## [Your objective]
Please reproduce all of the data exactly as it appears, but skip the pictures.

________________________________________

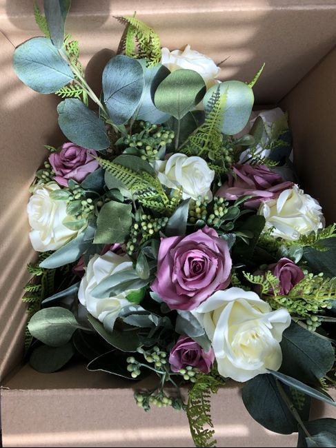 Got a picture of my bouquet today! I’m worried the roses are too dark? I don’t actually have any set colors since I’m going mostly greenery and ivory. What are y’alls thoughts?
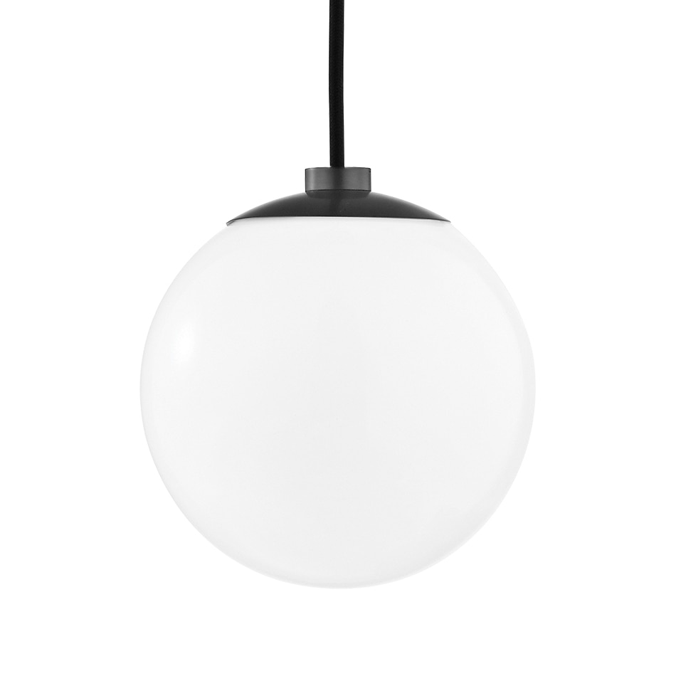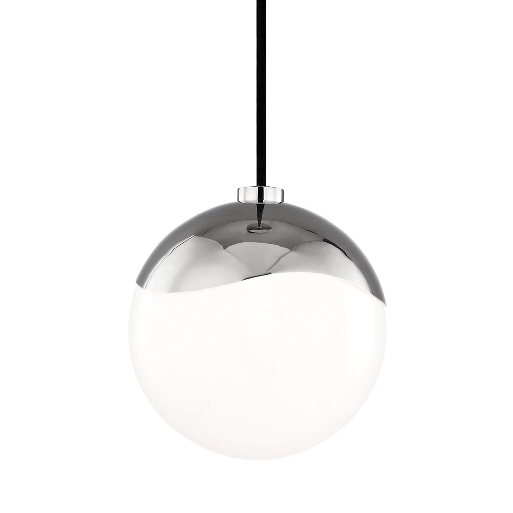 Pendant lamp in triplex blown glass, opal matt white. Metal parts chromed or painted in white. Mounts to a 4” octagonal junction box and is field adjustable.
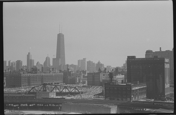 John Hancock Center visible behind the industrial near northwest side, 1972.
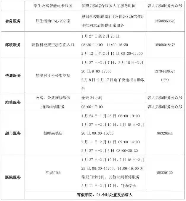 为做好寒假期间留校学生的生活服务和关怀慰问,确保留校学生在校期间过一个温馨、舒适、祥和的新年,容大集团假期提供暖心服务十条,具体情况如下:
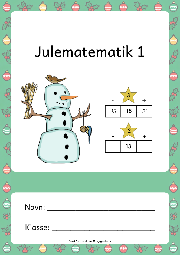 Her fรฅr et opgavehรฆfte fyldt med sjove og lรฆrerige matematikopgaver – alle sammen pakket ind i en masse hyggelige juleillustrationer. I hรฆftet kan dit barn arbejde med at tรฆlle, plus og minus. Hรฆftet kan f.eks. vรฆre med til at give dit barn en god og rolig start pรฅ morgnerne i december mรฅned. Hรฆftet kan ogsรฅ bruges som supplement til undervisningen.
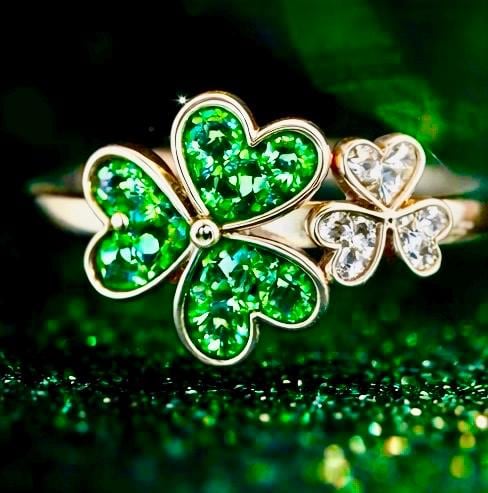 Beside it rests a delicate crystal shamrock — a subtle contrast that adds elegance and balance, like tradition meeting modern grace.
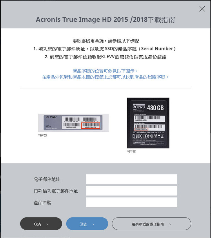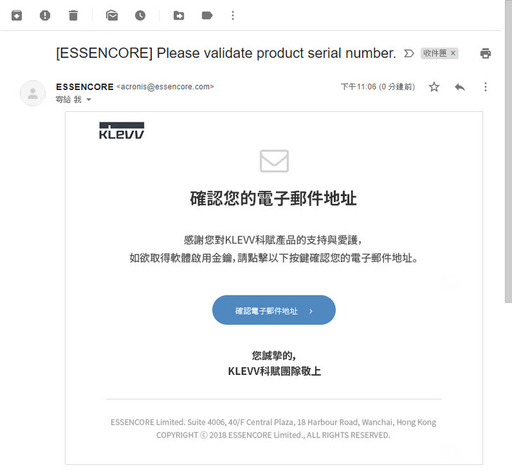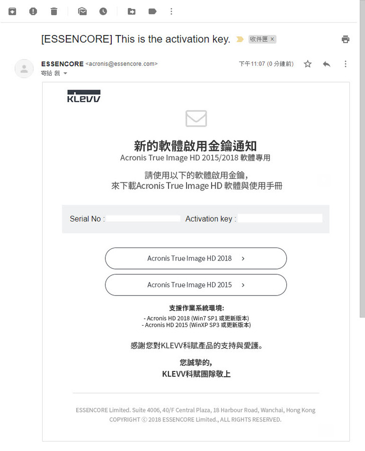 信箱地址確認後即可收到essencore原廠寄給你的Acronis True Image 2015/2018 OEM產品序號
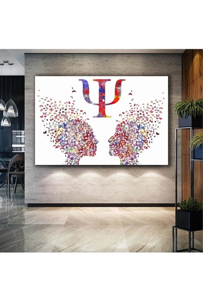 AR AJANS KANVAS TABLO Psikolog Büro Psikoloji Psi Sembolu Renkli Insan Kafaları Çift Kanvas Tablo ART00116
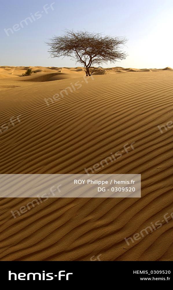 Mauritania, Adrar Region, Akjoujt, acacia tree and landscape of dunes and its vegetation in the desert of Amatlich
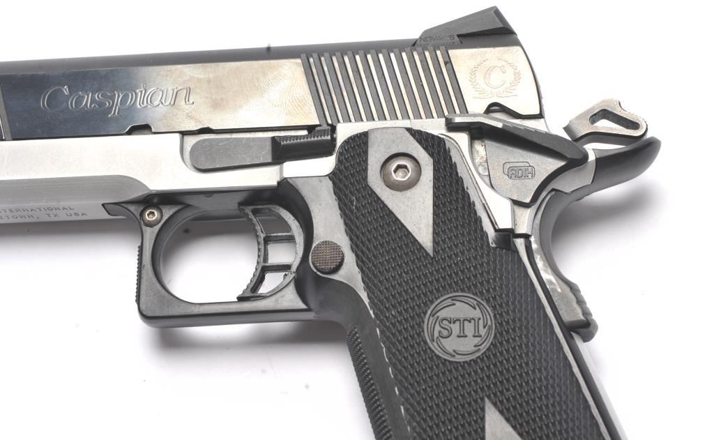 STI 2011 Caspian semi-automatic pistols, .45 ACP caliber, Serial #CM3065. The pistol is in fine overall condition with a 4” BAR-STO barrel. The Caspian marked slide retains approximately 95-96% of the blue finish withNovak sights. The STI frame is matte stainless marked, “STI INTERNATIONAL GEORGETOWN, TX USA” on the underside of the frame. The trigger and hammer are skeletonized with a beaver tail safety. Thepistol includes an RDIH cocking system with ambidextrous decocker. The checkered plastic grips are in very good condition with a checkered front strap. The bore is good and action are crisp on this desirable STI custom with one correct magazine. Est.: $2,500-$5,000. (Modern/PPT).
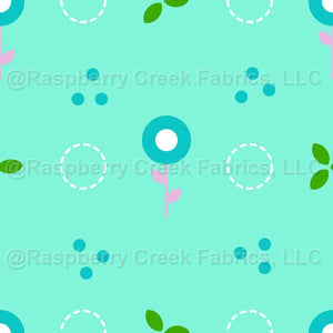 Tossed Floral on Aqua with Stitch Bubbles - HST Addict Collection - Large Low Density Lollipop Flowers- 30s Style Prints - Grass Green Light Blue Bubblegum Pink White
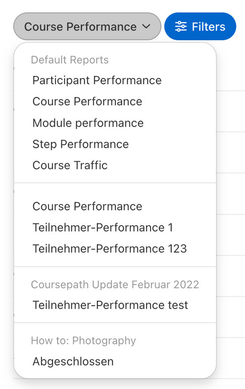 Einen so abgespeicherten Bericht können Sie über das Dropdown-Menü in den Berichten jederzeit wieder aufrufen. Die gespeicherten Berichte sind hier nach den Kursen gegliedert, auf die sie sich beziehen. Berichte, die mehr als nur einen speziellen Kurs beinhalten, sind in der Auflistung direkt unter den vorgefertigten Berichten zu finden.
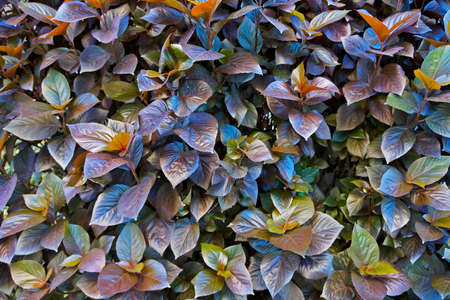 Colorful leaves background. Purple and blue color leaves pattern. Nature background.
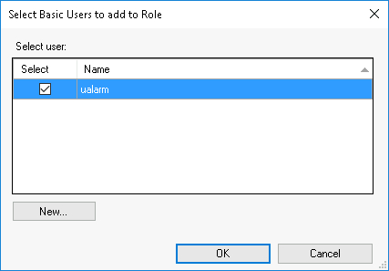 - In the Select Basic Users to add to Role pop-up, click the New button.

________________________________________

## [Written answer]
 Got a picture of my bouquet today! I’m worried the roses are too dark? I don’t actually have any set colors since I’m going mostly greenery and ivory. What are y’alls thoughts?
 Pendant lamp in triplex blown glass, opal matt white. Metal parts chromed or painted in white. Mounts to a 4” octagonal junction box and is field adjustable.
 John Hancock Center visible behind the industrial near northwest side, 1972.
 为做好寒假期间留校学生的生活服务和关怀慰问,确保留校学生在校期间过一个温馨、舒适、祥和的新年,容大集团假期提供暖心服务十条,具体情况如下:
 Her fรฅr et opgavehรฆfte fyldt med sjove og lรฆrerige matematikopgaver – alle sammen pakket ind i en masse hyggelige juleillustrationer. I hรฆftet kan dit barn arbejde med at tรฆlle, plus og minus. Hรฆftet kan f.eks. vรฆre med til at give dit barn en god og rolig start pรฅ morgnerne i december mรฅned. Hรฆftet kan ogsรฅ bruges som supplement til undervisningen.
 Beside it rests a delicate crystal shamrock — a subtle contrast that adds elegance and balance, like tradition meeting modern grace.
 信箱地址確認後即可收到essencore原廠寄給你的Acronis True Image 2015/2018 OEM產品序號
 AR AJANS KANVAS TABLO Psikolog Büro Psikoloji Psi Sembolu Renkli Insan Kafaları Çift Kanvas Tablo ART00116
 Mauritania, Adrar Region, Akjoujt, acacia tree and landscape of dunes and its vegetation in the desert of Amatlich
 STI 2011 Caspian semi-automatic pistols, .45 ACP caliber, Serial #CM3065. The pistol is in fine overall condition with a 4” BAR-STO barrel. The Caspian marked slide retains approximately 95-96% of the blue finish withNovak sights. The STI frame is matte stainless marked, “STI INTERNATIONAL GEORGETOWN, TX USA” on the underside of the frame. The trigger and hammer are skeletonized with a beaver tail safety. Thepistol includes an RDIH cocking system with ambidextrous decocker. The checkered plastic grips are in very good condition with a checkered front strap. The bore is good and action are crisp on this desirable STI custom with one correct magazine. Est.: $2,500-$5,000. (Modern/PPT).
 Tossed Floral on Aqua with Stitch Bubbles - HST Addict Collection - Large Low Density Lollipop Flowers- 30s Style Prints - Grass Green Light Blue Bubblegum Pink White
 Einen so abgespeicherten Bericht können Sie über das Dropdown-Menü in den Berichten jederzeit wieder aufrufen. Die gespeicherten Berichte sind hier nach den Kursen gegliedert, auf die sie sich beziehen. Berichte, die mehr als nur einen speziellen Kurs beinhalten, sind in der Auflistung direkt unter den vorgefertigten Berichten zu finden.
 Colorful leaves background. Purple and blue color leaves pattern. Nature background.
 - In the Select Basic Users to add to Role pop-up, click the New button.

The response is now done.